How To Build Survival Shelter

When you are out trekking, find yourself in a national park, or been traveling but gotten lost, then you might be looking at the sun traveling across the sky and realize that you are going to have to camp out tonight.

How To Build Survival Shelter

If you came prepared then this is great and a wonderful experience, but if this happened by accident then this is terrible news, and you might start panicking.

However, there are ways to still have a comfortable night and not be thrust into despair.

The most important thing to do is to build a survival shelter, and it is a skill that every person should at least know the basics of.

So, how do you build a survival shelter? Well, there are a few steps to it, but it is not as complicated as you think.


The first thing you need to do is to choose an appropriate campsite.

It needs to be a place that has dry ground, needs to be on flat land – so when it rains, the water won’t sweep you away -, and not underneath anything that could fall on you – like rocks or branches.

These are all things to ensure that you won’t freeze or get hurt while you sleep.

The site should also be close to a body of water while also being at least 20 feet away from it, in case the water rises and floods your camp.

Finally, it should have a good place for a fire near where you are sleeping, that won’t cause the fire to spread or go out. (You can also make your camp hidden if you want).

Consider Your Shelter And Camp In General

After you have found the perfect campsite or at least an acceptable one, it is time to take a step back and consider your needs at this moment from your shelter.

You need to start asking important questions and answering them yourself, like:

  • How much time do you have to build a shelter?
  • Is it a shelter for long term or short term use?
  • Is it cold, and will it get colder tonight? Will the fire need to be close to the shelter?
  • Should the shelter be hidden?
  • How many people need to be in the shelter?
  • What materials do I have to build the shelter?

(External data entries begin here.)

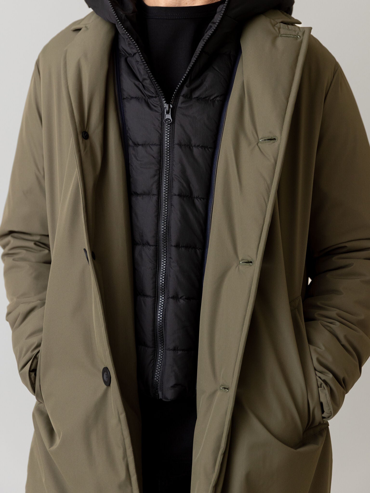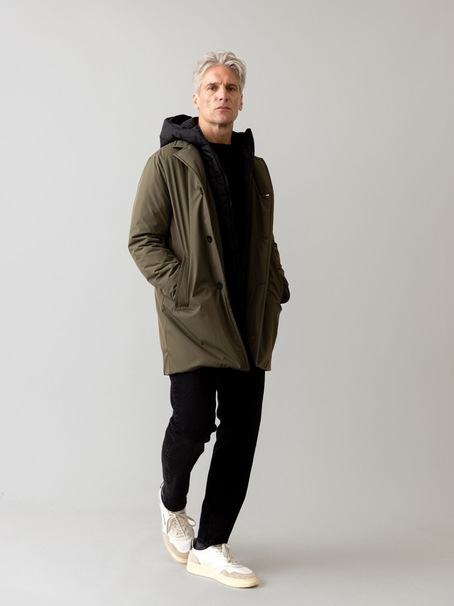 En moderne ytterjakke som er et must-have med en sporty vri, laget i en vanlig passform og med en litt lengre silhuett for ekstra dekning. Den er designet med funksjonelle detaljer som stormmansjetter, sidelommer og en avtagbar hette i kontrastfarge, noe som gjør den perfekt for skiftende værforhold. Style den enkelt over en overskjorte og hettegenser for et stilig, lag-på-lag utseende sammen med chinos.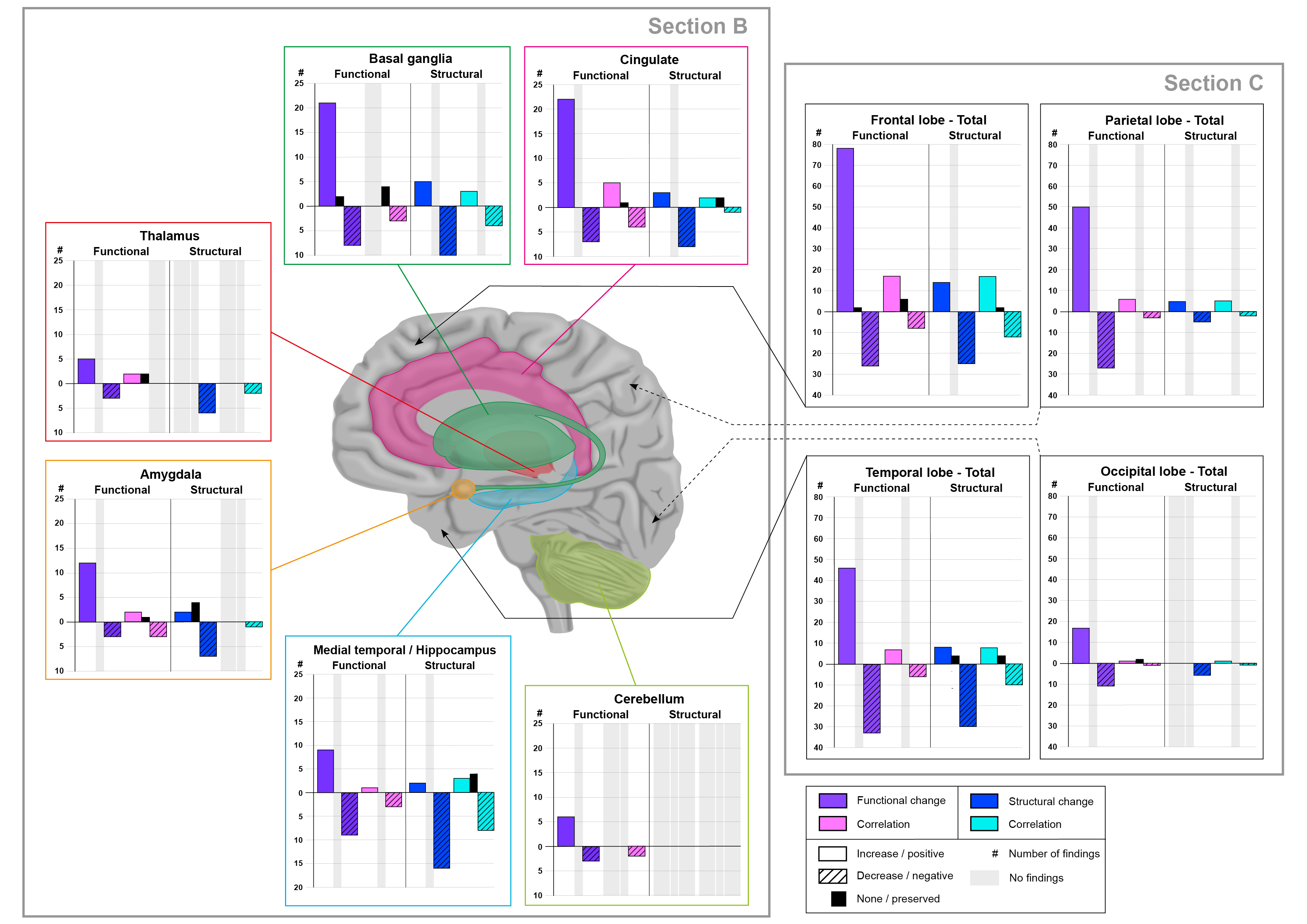 Gill worked with a neuroscientist at King’s College London to create figures for use in a neuroscience review paper. Two anatomical illustrations, one of a whole brain and the other of a sagittal section, were used to highlight areas of the human brain. They were then combined with illustrations of bar charts (also drawn by Gill), text and annotation to create two conceptual figures. An additional data figure was created, combining several bar charts. As well as supplying the complete figures, Gill also provided the neuroscientist with the individual illustrations of the anatomical brains and of each of the bar charts., for future use in presentations, etc.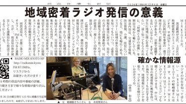 未分類 2024年11月26日火曜日発行の123号の修正とお詫び この度は2024年11月26日火曜日発行の123号におきまして、当団体のRADIOMIXKYOTO様への確認不足により記事に誤りがあったため、修正してお詫び申し上げます。読者の皆様、取材にご協力いただきましたRADIOMIXKYOTO様、誤... 2024.12.07 未分類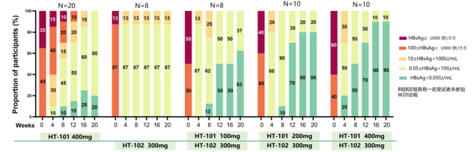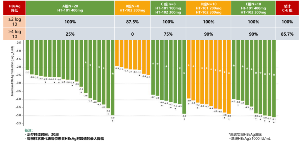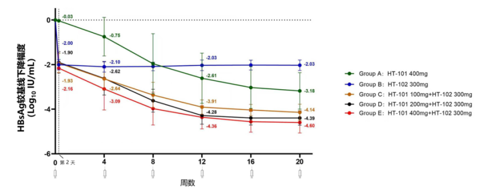 中期分析显示, HT-101单药治疗第12周时HBsAg平均降低2.6 log10 IU/mL,第20周时平均降低3.2 log10 IU/mL;HT-102单药治疗第12周时HBsAg平均降低2.0 log10 IU/mL,第20周时平均降低2.0 log10 IU/mL;联合治疗(C-E组)在第12周使HBsAg水平平均下降3.9、4.3和4.4 log10 IU/mL,在第20周时分别下降4.1、4.4和4.6 log10 IU/mL 。

It will also be the time to consider what tools you have to make this shelter.

If you have even a small knife (Also check out How To Wear A Boot Knife) it will make this shelter so much easier to make, but if you don’t then that will be problematic.

The best things to have are a survival knife or machete, an axe, a saw, and a shovel.

If you have none of these, try to find a rock (like flint or jasper) you can hold in your hand with a sharp edge. It can serve as a rudimentary knife or axe for this purpose.

How To Build Survival Shelter

Type Of Shelter

For survival shelters, we are going to assume you do not have much with you to make the shelter.

However, we will explore two options: one with a material you might bring – a tarp – and another made completely from the forest (Check out The Easiest Foods You Can Find In Eastern Forests) around you – a bivouac:


A tarp is a great survival tool and should be brought with you on extended treks. It is just a big plastic sheet, but it is malleable and waterproof.

The easiest tarp shelter to make is a tarp lean- to. You take your tarp and attach it to two large trees, evenly spaced apart, that are still close enough for your tarp to bridge the gap between them.

You tie one corner of your tarp to one tree using cordage (either from the forest or from what you have brought) and the adjacent on to the other tree.

With these two corners secure, get the part of the tarp not attached to the trees and pull it behind where it is attached to a stretched 45-degree angle.

Make sure the corners on the ground are in line with the corners on the trees, before securing them to the ground. You can do this with large, heavy rocks or with cordage.

Clear out underneath where the tarp is hanging, and voile, immediate emergency shelter that should keep the worst of the weather off.


Bivouac are temporary shelters made from the materials around a person in nature. They are fantastic ports in a storm and designed to be quick to build.

The easiest kind of bivouac is the A-frame shelter.

You need to find either two trees with Y shaped trunks in close proximity or make two very secure Y shaped structures that can hold a shelter.

We will go with the first one, because it is simpler and easier. Now, you need to get a large, solid (not rotten) log that you can lift and can slot it into the Y shape in the tree.

Once it is in, and you are sure it is secure, gather a lot of fairly large, straight sticks that are solid and not rotten.

Place these sticks at a 55 to 65-degree angle against the solid log, making sure they are secure by pushing them into the (and with cordage onto the log if you can).

Each stick must be very close together so few holes separate them. Keep piling the sticks until the area between the two trees is filled with them.

Then cover the sticks in vegetation. Make sure the vegetation is not too heavy, but it needs to cover every itch and every potential hole.

Once you have finished, stand back and admire your work. It may not be pretty, but it should keep you warm and safe for the night.


Survival shelters are all about speed and necessity. If you are in need of a survival shelter now, don’t worry about how long it will last, only that it will last for that night.

The shelters above are perfect for that and should keep you safe in the long run.